_Exercise_
From the entries that follow, reproduce exactly and only the lines from the line with "Calendula flowers in" to the line with "美乐家分销模式(美乐家销售模式介绍可以拿提成吗)", endpoints included.

_Dataset entries_
──────
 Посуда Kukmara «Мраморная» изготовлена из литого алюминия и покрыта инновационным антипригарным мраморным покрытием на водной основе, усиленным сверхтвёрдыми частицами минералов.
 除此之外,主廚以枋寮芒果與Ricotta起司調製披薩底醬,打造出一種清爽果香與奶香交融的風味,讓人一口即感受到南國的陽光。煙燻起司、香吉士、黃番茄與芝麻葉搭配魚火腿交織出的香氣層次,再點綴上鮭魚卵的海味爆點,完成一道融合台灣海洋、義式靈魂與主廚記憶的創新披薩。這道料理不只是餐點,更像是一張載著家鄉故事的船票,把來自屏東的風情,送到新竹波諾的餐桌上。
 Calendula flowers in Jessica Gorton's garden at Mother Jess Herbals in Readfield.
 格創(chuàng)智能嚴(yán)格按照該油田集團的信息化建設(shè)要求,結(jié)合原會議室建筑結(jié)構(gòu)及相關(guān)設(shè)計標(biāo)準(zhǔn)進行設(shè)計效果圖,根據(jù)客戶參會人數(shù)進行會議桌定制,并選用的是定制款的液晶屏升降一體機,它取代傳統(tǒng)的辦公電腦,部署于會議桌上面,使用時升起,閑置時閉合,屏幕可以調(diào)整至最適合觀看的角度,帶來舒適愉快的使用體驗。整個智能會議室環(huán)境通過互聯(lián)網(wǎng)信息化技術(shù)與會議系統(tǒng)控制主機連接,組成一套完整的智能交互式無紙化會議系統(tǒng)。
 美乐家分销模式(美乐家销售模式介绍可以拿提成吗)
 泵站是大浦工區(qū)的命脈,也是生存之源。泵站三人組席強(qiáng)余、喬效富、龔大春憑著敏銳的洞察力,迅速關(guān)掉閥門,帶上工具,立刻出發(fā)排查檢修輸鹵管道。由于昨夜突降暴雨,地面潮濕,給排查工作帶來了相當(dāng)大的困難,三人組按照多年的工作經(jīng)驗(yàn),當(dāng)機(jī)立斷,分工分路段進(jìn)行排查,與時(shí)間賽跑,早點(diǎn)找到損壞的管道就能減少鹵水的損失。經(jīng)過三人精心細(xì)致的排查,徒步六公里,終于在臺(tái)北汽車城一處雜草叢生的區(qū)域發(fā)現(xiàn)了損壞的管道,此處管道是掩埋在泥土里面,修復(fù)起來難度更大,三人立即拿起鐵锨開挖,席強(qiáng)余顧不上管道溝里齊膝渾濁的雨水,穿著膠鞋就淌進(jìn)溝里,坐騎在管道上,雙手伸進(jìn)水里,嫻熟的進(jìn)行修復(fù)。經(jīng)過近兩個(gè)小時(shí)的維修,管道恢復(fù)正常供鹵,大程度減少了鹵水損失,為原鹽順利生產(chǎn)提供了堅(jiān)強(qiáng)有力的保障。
──────
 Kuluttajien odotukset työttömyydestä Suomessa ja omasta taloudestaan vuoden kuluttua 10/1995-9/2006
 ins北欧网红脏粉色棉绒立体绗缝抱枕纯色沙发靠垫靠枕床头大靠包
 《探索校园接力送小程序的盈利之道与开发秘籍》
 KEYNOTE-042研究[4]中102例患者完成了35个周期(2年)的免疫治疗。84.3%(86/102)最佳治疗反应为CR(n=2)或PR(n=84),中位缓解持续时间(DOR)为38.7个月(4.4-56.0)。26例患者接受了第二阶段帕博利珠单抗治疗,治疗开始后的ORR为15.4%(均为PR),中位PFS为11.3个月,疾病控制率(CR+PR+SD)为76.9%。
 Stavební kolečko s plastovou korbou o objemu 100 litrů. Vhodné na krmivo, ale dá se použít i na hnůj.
──────
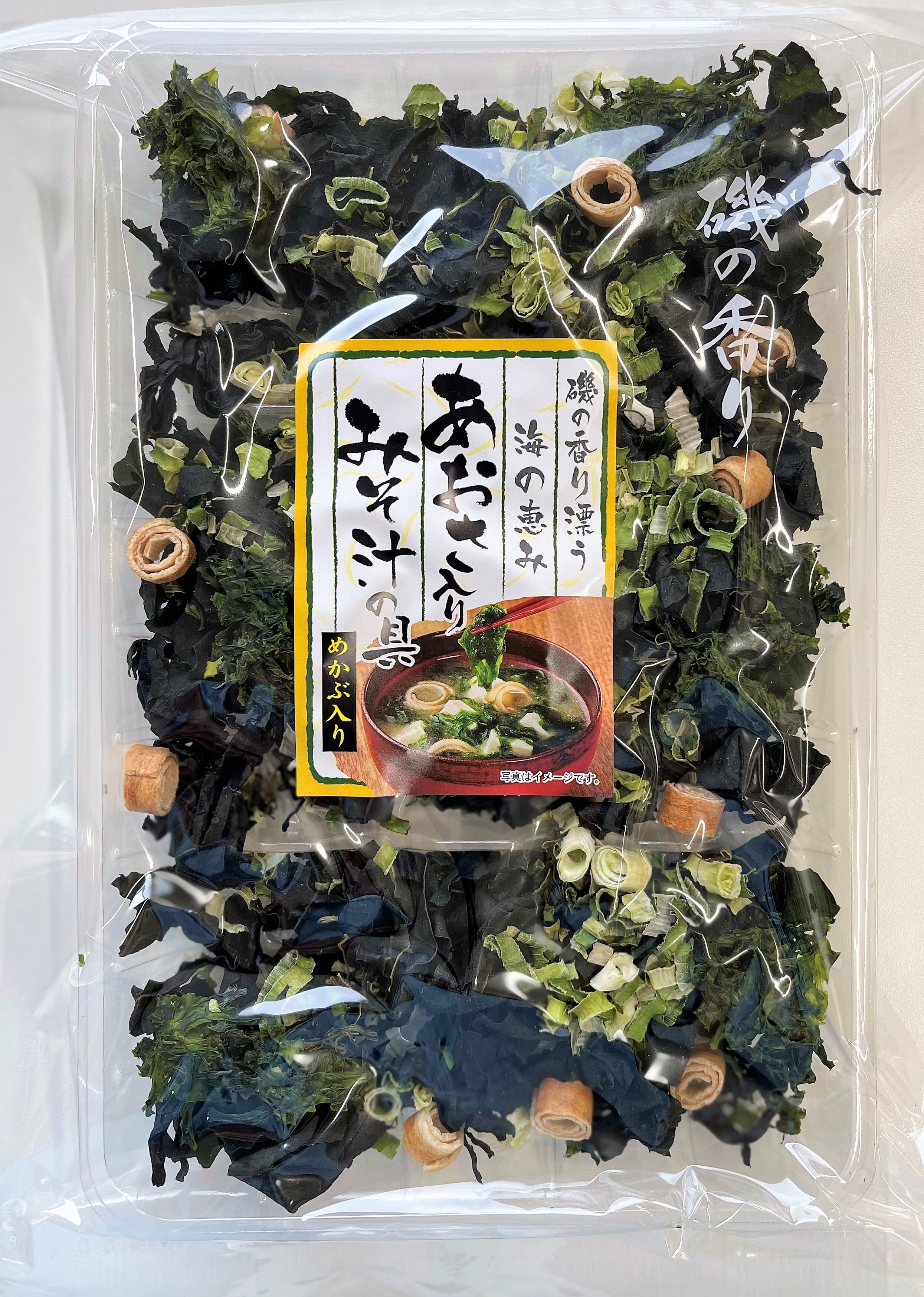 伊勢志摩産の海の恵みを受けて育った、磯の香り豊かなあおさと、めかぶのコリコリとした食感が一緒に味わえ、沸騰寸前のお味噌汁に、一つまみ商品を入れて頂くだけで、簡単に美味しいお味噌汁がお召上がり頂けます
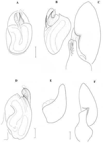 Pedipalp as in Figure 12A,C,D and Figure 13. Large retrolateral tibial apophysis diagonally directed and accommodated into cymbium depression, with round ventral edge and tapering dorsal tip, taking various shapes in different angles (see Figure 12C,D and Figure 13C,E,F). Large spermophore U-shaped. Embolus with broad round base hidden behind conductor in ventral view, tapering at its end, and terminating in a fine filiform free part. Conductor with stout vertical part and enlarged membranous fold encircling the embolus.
──────
_Response below_
 Calendula flowers in Jessica Gorton's garden at Mother Jess Herbals in Readfield.
 格創(chuàng)智能嚴(yán)格按照該油田集團的信息化建設(shè)要求,結(jié)合原會議室建筑結(jié)構(gòu)及相關(guān)設(shè)計標(biāo)準(zhǔn)進行設(shè)計效果圖,根據(jù)客戶參會人數(shù)進行會議桌定制,并選用的是定制款的液晶屏升降一體機,它取代傳統(tǒng)的辦公電腦,部署于會議桌上面,使用時升起,閑置時閉合,屏幕可以調(diào)整至最適合觀看的角度,帶來舒適愉快的使用體驗。整個智能會議室環(huán)境通過互聯(lián)網(wǎng)信息化技術(shù)與會議系統(tǒng)控制主機連接,組成一套完整的智能交互式無紙化會議系統(tǒng)。
 美乐家分销模式(美乐家销售模式介绍可以拿提成吗)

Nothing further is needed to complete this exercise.